Blades Lead through to Five made their attack runs. Missiles punched through the ship armour and detonated inside, boiling great holes in the hull. Gun turrets raked the surrounding space with frantic fire as it tried to fight off the now-deadly interceptors. Arban waited until his target reticle went red, and popped off a single torpedo. It hit the transfer conduit head on. Volatile energy streams ripped free of their cylindrical prison and cut into the battleship from all sides. Atmosphere vented, carrying with it debris and bodies, then subsidiary explosions rocketed more shrapnel and parts into the void. Lights went off along the length of the frigate as it began to lose power. Gouts of plasma fire escaped into the vacuum.
With no chance of survival, the assault frigate's captain did the one thing left open to him – the one thing that no-one expected. He rolled his ship forward to face the six cryo-trays and reset his forward guns to straight alignment. Arban swore as he watched the large cannons line up and fire one last desperate volley before the ship was consumed with fire. There was no escape from the Kharakid, only death, and the frigate died spectacularly.
It had a hull breach along one side that seemed to suck in everything around it. The large engine array exploded immediately, shredding the rear third of the ship and causing a roiling blue wave of incandescent gas to push the ship forward, but by then it was only the spasmodic jerking of a dead body. A final torpedo from Blade Eleven cored through the frigate's bridge module, melting everything into long, twisted threads that trailed from the wreck like streamers, or congealed blood. The hollow hull sagged in on itself and hung there in space.
"Good job, guys," Arban congratulated over the comm. "We showed – "
"Attention, all fighters! Cryo-tray one is about to melt down!"

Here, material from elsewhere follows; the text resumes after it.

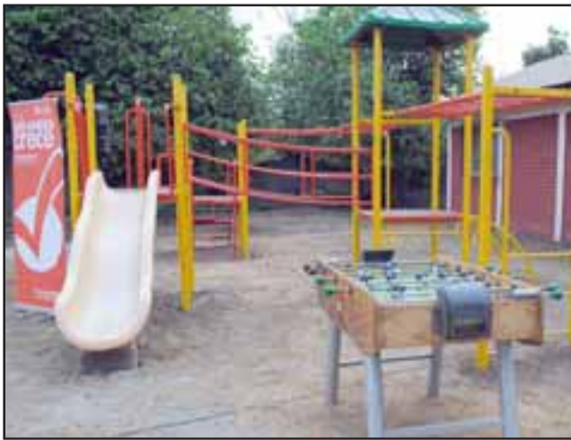
Inauguran a los remozados juegos infantiles e instalación de máquinas de ejercicios en la sede comunitaria del sector de Calle Sur.

LOS ANDES.- El mejoramiento de los espacios públicos, ha sido uno de los ejes de gestión del municipio andino durante los últimos años. Gracias al trabajo de los vecinos de Calle Sur, del municipio y de la Subsecretaría de Desarrollo Regional, se logró dar inauguración a los remozados juegos infantiles e instalación de máquinas de ejercicios en la sede comunitaria del sector.

The final shot from the assault frigate had reached its intended target. The Porter and Another Day had carted off two of the cryo-trays already, but the damaged one was still vulnerable. Those last hits seemed to push it over the edge – forks of lightning played across the hull before it erupted in a volcano of light and heat. Fragments of hull and cryogenic suspension pods hurtled away, and one hundred thousand Kharakid joined their planetside comrades in the icy sea of death.

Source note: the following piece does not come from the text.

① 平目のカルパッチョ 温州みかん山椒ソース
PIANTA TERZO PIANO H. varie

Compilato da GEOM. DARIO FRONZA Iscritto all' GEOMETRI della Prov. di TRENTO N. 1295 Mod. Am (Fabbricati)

Arban felt his heart ignite as the two fighter squadrons turned on the final frigate. They repeated the same tactic, and their final frigate detonated in as fiery a fashion as its partner, but each move was ingrained with anger and pain that now seemed a defining characteristic of the Kharakid fleet. As the last missiles hit, someone shouted, "For Kharak! For vengeance!" over the comm, and Arban Ferriil found he could only agree.
Blade Squadron returned to the mothership in silence.